_Material for this exercise_:
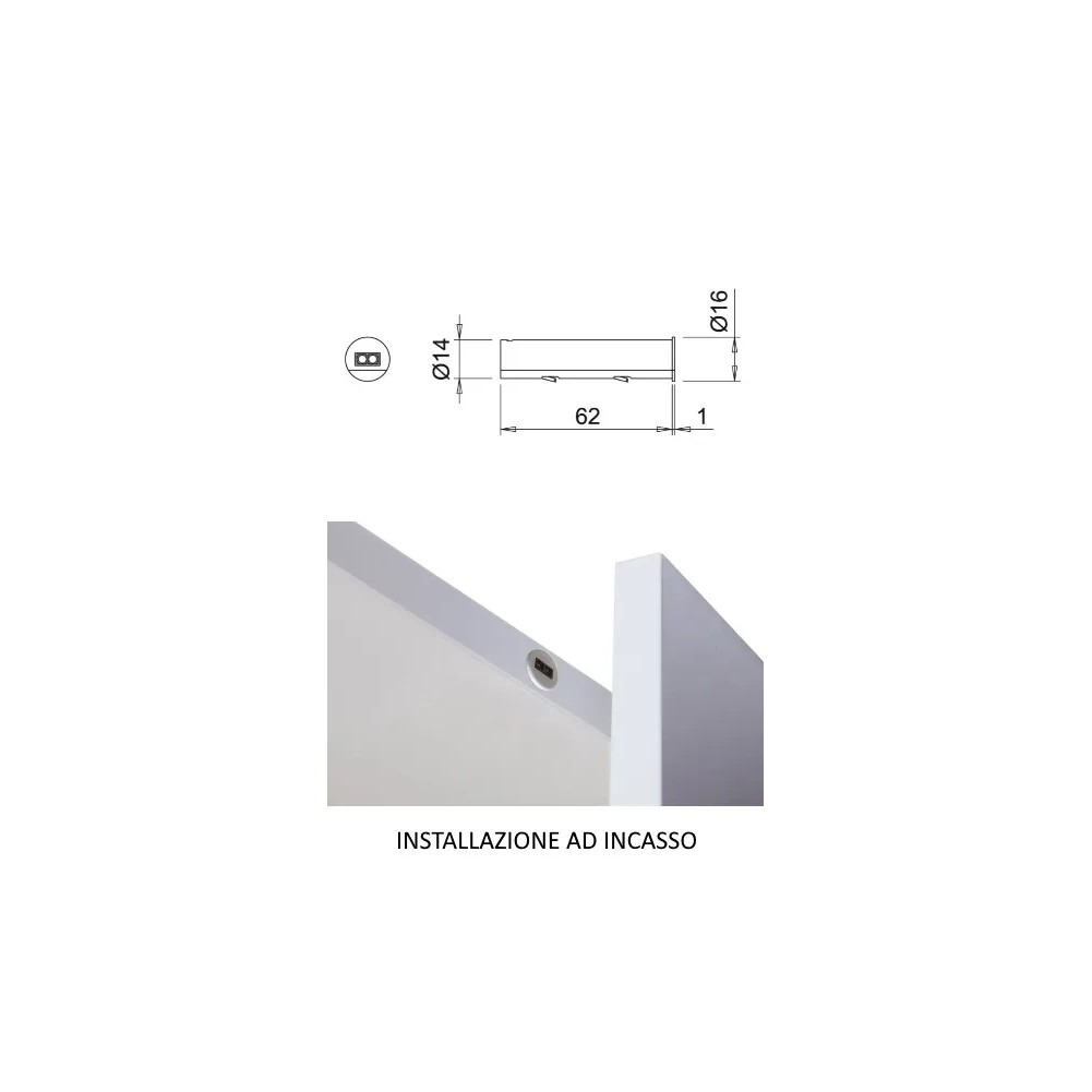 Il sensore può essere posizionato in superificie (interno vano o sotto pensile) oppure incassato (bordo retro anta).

==

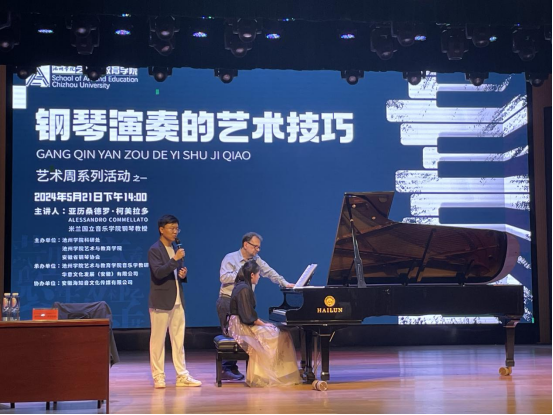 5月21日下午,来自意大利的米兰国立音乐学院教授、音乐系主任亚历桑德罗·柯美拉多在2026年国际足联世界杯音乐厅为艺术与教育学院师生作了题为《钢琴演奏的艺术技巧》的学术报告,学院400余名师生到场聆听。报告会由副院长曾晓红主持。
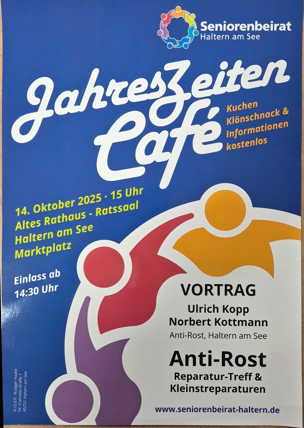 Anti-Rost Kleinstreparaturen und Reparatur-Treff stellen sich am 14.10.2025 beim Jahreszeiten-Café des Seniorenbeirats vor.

==

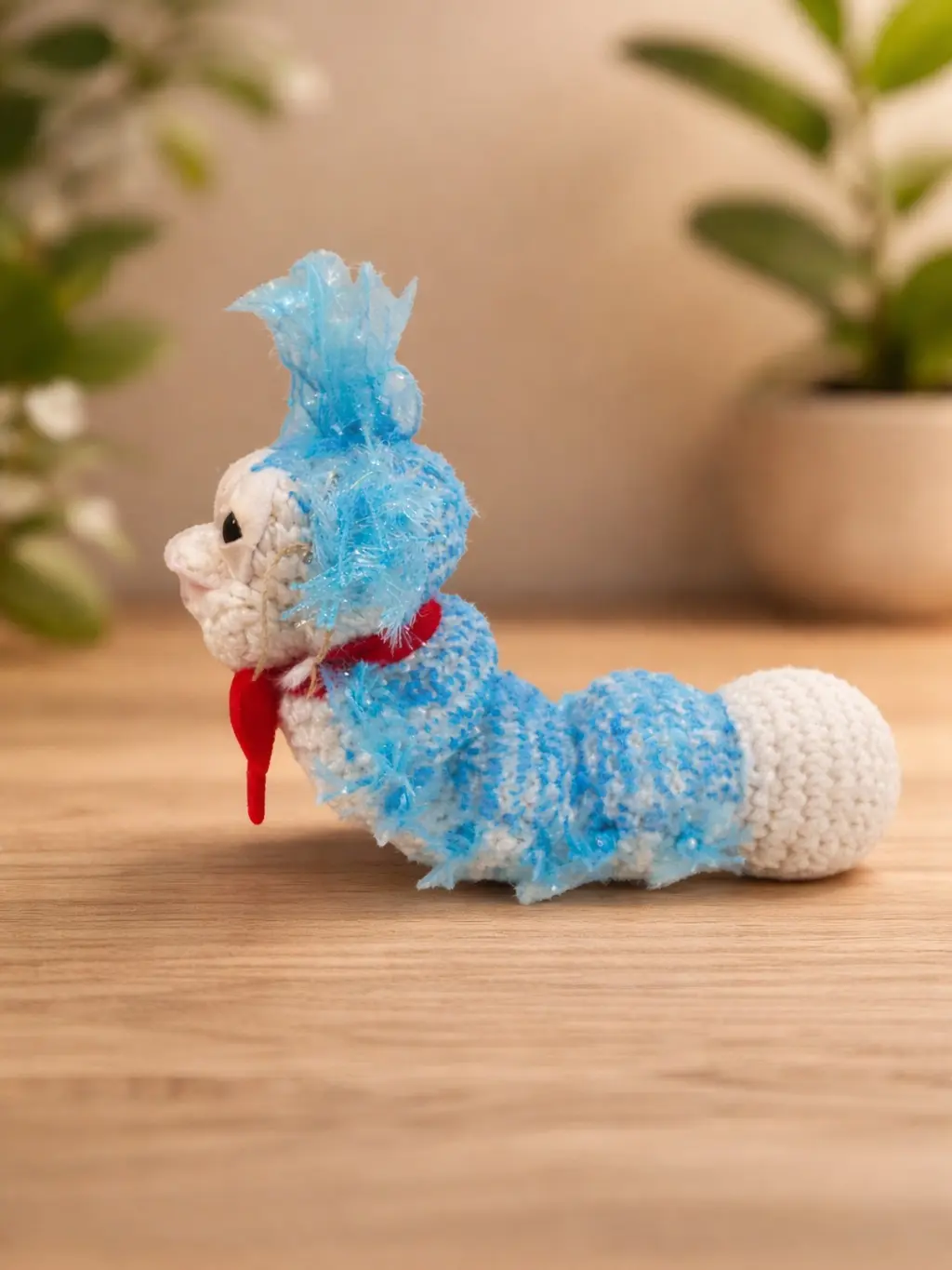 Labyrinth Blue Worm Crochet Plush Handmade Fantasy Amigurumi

_Task goal_:
Above are the records; copy from them only the lines starting at the one containing "5月21日下午,来自意大利的" and ending at the one containing "Anti-Rost Kleinstreparaturen und", exactly and without pictures.

_Result for this task_:
 5月21日下午,来自意大利的米兰国立音乐学院教授、音乐系主任亚历桑德罗·柯美拉多在2026年国际足联世界杯音乐厅为艺术与教育学院师生作了题为《钢琴演奏的艺术技巧》的学术报告,学院400余名师生到场聆听。报告会由副院长曾晓红主持。
 Anti-Rost Kleinstreparaturen und Reparatur-Treff stellen sich am 14.10.2025 beim Jahreszeiten-Café des Seniorenbeirats vor.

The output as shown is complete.